Ready for the future with Domain Driven Design
We believe in the Agile principles, where you develop software iteratively and make it better step by step. However, if you are dealing with complex workflows or an organisation with multiple business units, possibly operating in multiple geographic markets, it is better to get the basics right before you think about user stories and user experience. The solution? Domain driven design.
What is Domain Driven Design?
Domain Driven Design helps developing software that closely matches the business or an improved version of it. For this purpose, business experts and software developers describe work processes together, including all explicit and implicit rules and issues that characterize a business domain. This eventually leads to a conceptual description of a domain, with agreements on the terms used. This domain model is separate from the software (database and code), but it will often be used as a base for this. The domain model is also the foundation for further communication about the domain, such as setting requirements.

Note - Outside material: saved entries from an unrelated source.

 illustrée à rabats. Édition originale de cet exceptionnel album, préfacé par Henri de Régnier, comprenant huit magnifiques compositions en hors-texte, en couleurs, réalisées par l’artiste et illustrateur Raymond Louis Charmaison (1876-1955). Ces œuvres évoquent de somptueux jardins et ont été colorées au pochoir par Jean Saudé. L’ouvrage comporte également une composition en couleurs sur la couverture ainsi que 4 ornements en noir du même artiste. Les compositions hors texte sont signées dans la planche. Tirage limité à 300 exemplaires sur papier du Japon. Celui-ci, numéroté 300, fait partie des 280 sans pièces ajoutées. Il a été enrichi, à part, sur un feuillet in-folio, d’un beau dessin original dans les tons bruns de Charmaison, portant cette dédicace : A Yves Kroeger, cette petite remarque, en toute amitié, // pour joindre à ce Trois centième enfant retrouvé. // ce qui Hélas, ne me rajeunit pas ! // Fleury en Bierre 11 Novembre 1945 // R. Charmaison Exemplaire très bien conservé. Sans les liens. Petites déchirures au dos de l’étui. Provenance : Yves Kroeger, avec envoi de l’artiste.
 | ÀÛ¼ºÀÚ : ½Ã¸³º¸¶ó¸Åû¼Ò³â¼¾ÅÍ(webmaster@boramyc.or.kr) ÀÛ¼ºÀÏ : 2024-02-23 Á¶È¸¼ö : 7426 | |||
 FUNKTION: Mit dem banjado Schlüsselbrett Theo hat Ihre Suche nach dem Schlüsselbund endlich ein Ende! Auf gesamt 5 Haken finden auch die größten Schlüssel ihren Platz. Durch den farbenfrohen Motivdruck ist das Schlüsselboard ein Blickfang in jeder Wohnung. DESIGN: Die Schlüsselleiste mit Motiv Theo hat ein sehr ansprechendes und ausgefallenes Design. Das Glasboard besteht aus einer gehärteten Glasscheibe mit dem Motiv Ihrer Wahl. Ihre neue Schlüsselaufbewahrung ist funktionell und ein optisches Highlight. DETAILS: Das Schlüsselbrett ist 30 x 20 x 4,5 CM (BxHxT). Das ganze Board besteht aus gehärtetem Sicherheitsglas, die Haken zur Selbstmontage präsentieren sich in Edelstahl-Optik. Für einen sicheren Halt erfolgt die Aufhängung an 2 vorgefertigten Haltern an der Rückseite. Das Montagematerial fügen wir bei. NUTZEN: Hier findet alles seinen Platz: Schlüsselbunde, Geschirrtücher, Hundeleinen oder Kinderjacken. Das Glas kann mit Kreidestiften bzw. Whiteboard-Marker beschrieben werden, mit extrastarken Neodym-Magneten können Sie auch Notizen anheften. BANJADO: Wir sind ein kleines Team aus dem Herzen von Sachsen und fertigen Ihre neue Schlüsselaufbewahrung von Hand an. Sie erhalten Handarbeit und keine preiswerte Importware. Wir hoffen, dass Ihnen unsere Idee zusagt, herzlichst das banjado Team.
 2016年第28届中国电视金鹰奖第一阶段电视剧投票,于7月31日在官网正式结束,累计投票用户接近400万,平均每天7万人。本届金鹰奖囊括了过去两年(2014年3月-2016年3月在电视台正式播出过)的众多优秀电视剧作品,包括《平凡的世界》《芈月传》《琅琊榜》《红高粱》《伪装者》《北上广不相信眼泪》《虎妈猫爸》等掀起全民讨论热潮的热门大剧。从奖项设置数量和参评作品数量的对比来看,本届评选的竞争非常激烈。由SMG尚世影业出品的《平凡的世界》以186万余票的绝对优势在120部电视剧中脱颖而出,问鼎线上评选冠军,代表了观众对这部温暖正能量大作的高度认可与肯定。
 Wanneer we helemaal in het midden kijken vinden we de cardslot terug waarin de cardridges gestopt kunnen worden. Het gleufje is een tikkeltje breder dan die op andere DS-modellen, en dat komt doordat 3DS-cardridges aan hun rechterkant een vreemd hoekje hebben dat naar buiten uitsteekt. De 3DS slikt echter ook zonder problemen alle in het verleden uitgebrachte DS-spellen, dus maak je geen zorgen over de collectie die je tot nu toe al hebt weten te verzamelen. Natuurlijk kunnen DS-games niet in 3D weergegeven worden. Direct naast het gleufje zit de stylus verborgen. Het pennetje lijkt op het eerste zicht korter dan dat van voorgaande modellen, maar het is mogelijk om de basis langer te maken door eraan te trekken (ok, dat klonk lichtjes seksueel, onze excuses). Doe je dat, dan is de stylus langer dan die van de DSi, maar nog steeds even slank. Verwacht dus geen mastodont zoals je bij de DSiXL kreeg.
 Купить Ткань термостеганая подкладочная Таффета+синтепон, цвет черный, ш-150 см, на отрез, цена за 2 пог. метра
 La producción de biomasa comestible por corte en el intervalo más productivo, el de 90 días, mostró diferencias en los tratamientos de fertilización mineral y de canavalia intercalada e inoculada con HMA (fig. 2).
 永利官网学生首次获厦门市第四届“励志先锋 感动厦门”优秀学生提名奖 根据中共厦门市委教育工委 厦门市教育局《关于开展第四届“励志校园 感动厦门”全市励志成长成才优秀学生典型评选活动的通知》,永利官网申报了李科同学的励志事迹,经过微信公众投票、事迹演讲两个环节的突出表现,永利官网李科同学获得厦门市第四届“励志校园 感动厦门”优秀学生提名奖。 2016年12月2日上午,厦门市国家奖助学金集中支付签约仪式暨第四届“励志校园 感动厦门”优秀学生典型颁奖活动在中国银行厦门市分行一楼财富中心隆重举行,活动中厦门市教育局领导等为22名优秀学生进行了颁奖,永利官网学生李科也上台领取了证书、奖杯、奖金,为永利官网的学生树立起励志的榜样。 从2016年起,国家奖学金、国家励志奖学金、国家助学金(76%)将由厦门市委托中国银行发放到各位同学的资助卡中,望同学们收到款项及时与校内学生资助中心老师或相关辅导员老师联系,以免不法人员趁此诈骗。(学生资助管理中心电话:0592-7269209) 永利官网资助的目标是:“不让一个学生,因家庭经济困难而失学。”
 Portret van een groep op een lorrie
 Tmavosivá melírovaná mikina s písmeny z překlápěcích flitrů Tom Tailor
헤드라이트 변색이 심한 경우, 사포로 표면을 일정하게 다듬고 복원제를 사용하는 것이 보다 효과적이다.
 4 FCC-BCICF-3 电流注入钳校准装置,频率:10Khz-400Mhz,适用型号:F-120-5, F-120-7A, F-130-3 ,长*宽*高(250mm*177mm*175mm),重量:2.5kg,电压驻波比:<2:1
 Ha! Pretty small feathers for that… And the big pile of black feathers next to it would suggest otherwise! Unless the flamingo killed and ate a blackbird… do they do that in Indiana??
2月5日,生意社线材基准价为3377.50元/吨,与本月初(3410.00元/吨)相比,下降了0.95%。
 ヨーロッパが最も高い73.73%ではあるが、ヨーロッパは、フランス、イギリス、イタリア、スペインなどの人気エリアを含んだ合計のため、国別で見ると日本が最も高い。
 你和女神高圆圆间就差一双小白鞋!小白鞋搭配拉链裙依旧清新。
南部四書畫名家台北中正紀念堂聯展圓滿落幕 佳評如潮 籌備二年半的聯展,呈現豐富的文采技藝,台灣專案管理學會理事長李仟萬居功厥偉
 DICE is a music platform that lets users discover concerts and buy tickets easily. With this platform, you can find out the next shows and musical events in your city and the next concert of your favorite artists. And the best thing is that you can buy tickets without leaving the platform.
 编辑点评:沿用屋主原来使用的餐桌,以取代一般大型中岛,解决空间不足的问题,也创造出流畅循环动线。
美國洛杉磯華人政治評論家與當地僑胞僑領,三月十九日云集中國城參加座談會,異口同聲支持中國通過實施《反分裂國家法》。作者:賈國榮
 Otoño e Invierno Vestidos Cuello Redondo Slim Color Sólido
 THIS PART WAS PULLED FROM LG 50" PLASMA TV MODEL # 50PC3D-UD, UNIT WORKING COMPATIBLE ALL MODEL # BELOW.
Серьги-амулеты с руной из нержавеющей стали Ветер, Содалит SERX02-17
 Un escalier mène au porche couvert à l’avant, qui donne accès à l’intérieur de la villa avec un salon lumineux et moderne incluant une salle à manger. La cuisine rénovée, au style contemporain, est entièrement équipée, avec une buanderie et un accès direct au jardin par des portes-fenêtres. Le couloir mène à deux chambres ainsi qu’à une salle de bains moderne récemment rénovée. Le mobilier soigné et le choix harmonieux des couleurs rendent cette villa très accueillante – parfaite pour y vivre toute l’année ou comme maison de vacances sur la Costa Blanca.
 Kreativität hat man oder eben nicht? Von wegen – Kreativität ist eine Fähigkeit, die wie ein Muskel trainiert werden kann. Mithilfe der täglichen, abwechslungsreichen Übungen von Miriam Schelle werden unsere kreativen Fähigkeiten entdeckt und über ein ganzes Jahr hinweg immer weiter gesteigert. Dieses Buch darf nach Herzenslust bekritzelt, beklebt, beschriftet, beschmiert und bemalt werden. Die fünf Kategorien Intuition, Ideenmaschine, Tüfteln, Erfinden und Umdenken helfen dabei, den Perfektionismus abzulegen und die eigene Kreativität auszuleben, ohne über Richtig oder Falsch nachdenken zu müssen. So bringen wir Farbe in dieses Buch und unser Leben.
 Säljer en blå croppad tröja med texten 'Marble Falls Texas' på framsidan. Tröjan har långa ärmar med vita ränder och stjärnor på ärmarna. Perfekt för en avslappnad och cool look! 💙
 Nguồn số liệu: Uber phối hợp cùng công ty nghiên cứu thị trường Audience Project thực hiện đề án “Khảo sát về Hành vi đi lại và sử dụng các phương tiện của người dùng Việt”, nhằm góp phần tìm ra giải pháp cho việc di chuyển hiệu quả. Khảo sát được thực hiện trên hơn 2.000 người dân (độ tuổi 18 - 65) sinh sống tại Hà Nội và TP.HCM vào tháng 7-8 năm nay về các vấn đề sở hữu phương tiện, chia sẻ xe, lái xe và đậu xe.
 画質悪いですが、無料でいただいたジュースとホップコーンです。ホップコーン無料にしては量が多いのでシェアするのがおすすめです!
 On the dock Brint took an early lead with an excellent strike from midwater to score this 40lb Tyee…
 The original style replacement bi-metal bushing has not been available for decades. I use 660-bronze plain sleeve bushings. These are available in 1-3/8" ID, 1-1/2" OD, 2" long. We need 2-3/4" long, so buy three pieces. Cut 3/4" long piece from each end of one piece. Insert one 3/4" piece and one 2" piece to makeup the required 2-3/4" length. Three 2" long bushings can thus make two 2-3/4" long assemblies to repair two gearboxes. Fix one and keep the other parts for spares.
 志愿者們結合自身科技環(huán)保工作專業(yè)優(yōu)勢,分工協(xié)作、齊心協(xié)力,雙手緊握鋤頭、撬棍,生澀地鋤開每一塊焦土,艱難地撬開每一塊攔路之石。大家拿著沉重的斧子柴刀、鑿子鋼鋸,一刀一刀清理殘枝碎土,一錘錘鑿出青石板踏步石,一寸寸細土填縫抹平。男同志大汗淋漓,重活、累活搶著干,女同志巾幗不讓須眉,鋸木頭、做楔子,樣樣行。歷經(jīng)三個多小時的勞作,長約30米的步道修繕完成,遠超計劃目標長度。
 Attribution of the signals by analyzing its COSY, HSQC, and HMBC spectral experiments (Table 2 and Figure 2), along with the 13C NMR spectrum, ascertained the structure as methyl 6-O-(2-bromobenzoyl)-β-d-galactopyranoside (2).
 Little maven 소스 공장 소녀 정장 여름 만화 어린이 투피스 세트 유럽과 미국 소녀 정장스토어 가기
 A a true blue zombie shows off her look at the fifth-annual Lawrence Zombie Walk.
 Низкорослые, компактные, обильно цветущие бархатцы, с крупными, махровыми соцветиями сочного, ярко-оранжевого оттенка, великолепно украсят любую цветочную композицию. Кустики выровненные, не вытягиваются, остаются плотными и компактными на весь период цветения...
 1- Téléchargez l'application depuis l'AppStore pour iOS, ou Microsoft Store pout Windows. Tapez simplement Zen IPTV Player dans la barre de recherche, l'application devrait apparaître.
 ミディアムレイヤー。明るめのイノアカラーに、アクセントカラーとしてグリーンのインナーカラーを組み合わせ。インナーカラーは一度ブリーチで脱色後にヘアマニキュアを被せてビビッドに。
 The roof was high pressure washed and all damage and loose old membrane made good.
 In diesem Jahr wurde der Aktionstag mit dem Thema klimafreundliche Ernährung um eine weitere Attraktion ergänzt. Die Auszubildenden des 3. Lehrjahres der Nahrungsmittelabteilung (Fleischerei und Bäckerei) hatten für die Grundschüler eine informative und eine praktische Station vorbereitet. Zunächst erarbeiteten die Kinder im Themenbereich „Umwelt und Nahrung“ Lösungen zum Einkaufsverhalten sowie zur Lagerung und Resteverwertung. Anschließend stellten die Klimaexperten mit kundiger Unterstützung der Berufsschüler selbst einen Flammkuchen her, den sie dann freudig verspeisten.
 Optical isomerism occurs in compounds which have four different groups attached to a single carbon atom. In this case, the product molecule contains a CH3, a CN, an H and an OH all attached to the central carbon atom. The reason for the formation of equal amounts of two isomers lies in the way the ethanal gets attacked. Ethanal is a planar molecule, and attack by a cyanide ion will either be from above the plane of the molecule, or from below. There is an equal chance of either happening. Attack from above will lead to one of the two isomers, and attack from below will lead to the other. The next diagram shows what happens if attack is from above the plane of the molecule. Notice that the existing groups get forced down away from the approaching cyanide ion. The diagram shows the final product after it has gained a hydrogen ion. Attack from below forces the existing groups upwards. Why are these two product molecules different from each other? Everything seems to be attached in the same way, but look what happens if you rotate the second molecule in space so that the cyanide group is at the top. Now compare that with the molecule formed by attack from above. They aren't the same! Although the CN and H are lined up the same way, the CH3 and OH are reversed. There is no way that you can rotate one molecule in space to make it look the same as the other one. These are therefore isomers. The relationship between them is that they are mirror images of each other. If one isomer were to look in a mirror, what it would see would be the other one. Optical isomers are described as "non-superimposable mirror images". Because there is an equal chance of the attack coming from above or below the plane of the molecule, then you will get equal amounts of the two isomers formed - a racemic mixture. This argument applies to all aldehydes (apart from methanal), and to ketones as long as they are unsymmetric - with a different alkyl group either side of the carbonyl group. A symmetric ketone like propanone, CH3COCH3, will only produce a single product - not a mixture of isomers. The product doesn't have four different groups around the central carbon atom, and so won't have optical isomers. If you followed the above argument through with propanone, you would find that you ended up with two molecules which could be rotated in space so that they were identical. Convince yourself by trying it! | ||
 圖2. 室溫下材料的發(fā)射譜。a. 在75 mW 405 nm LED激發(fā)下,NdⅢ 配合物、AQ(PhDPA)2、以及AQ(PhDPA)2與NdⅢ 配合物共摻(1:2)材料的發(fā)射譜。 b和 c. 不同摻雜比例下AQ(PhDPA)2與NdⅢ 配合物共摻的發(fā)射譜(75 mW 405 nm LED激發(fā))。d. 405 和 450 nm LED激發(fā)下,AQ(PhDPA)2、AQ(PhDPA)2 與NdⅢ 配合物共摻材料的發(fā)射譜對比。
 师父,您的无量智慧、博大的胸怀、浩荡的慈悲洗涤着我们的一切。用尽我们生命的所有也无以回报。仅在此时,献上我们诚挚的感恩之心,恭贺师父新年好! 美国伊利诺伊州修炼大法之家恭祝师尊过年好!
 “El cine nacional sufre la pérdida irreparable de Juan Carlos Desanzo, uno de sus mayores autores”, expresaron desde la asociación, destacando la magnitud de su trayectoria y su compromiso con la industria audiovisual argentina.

It starts with the business
Domain Driven Design is not so much a technical approach, but rather process-oriented. It all starts with listening to, discussing and understanding the way the business works or wants to work. The business and software developers need to understand each other, just like the employees within the organizations. By discussing the issues the business is dealing with, you get an unambiguous mutual understanding step by step.
Ubiquitous language
It is important that all employees, stakeholders, developers, project managers and so on use the same words for the same things. Therefore, you develop a language together that everyone understands and that everyone uses for the same purposes. This is called ubiquitous language. This leads to a conceptual scheme, containing all words specific to a certain domain and the description of entities and their relationships and rules. It is intended that ubiquitous language is used for all forms of communication (user stories, meetings, emails, technical documentation, planning, etc.).
From dictionary to code
The terms and definitions from the dictionary are being used in the code for the domain model. In this layer of the software you translate the business concepts and rules to entities, value objects, aggregates, behaviour, services, etc. Later, you are able to build the front-end solution on top of this layer. This way, the front-end solutions will be more consistent, stable and easier to maintain because of the way of working and the structure. Furthermore, all business rules are in one place, which is very useful is you want to change certain matters later.
Multiple models for bigger organizations
Larger organizations tend to have multiple domains. Even in this case, Domain Driven Design is easy to apply, since you can develop models for different domains within an organization. These models and developed applications then each have their own focus and language. In Domain Driven Design this is called “bounded context”. Next, you can integrate these applications externally and internally through API’s. This way, you make sure your applications fit the business domains they have to support.
When is DDD suitable
It goes without saying that it takes time and money to research how the business works. Domain Driven Design is useful if the business processes are complex or if they tend to become complex. Even when the business is expecting a lot of changes, but isn’t quite sure what kind of changes, you build a solid base for future solutions. In this case, the effort you deliver at the beginning of the process will pay back later. Software that doesn’t provide what the business wants or needs, or that doesn’t grow with changes, will cost more eventually.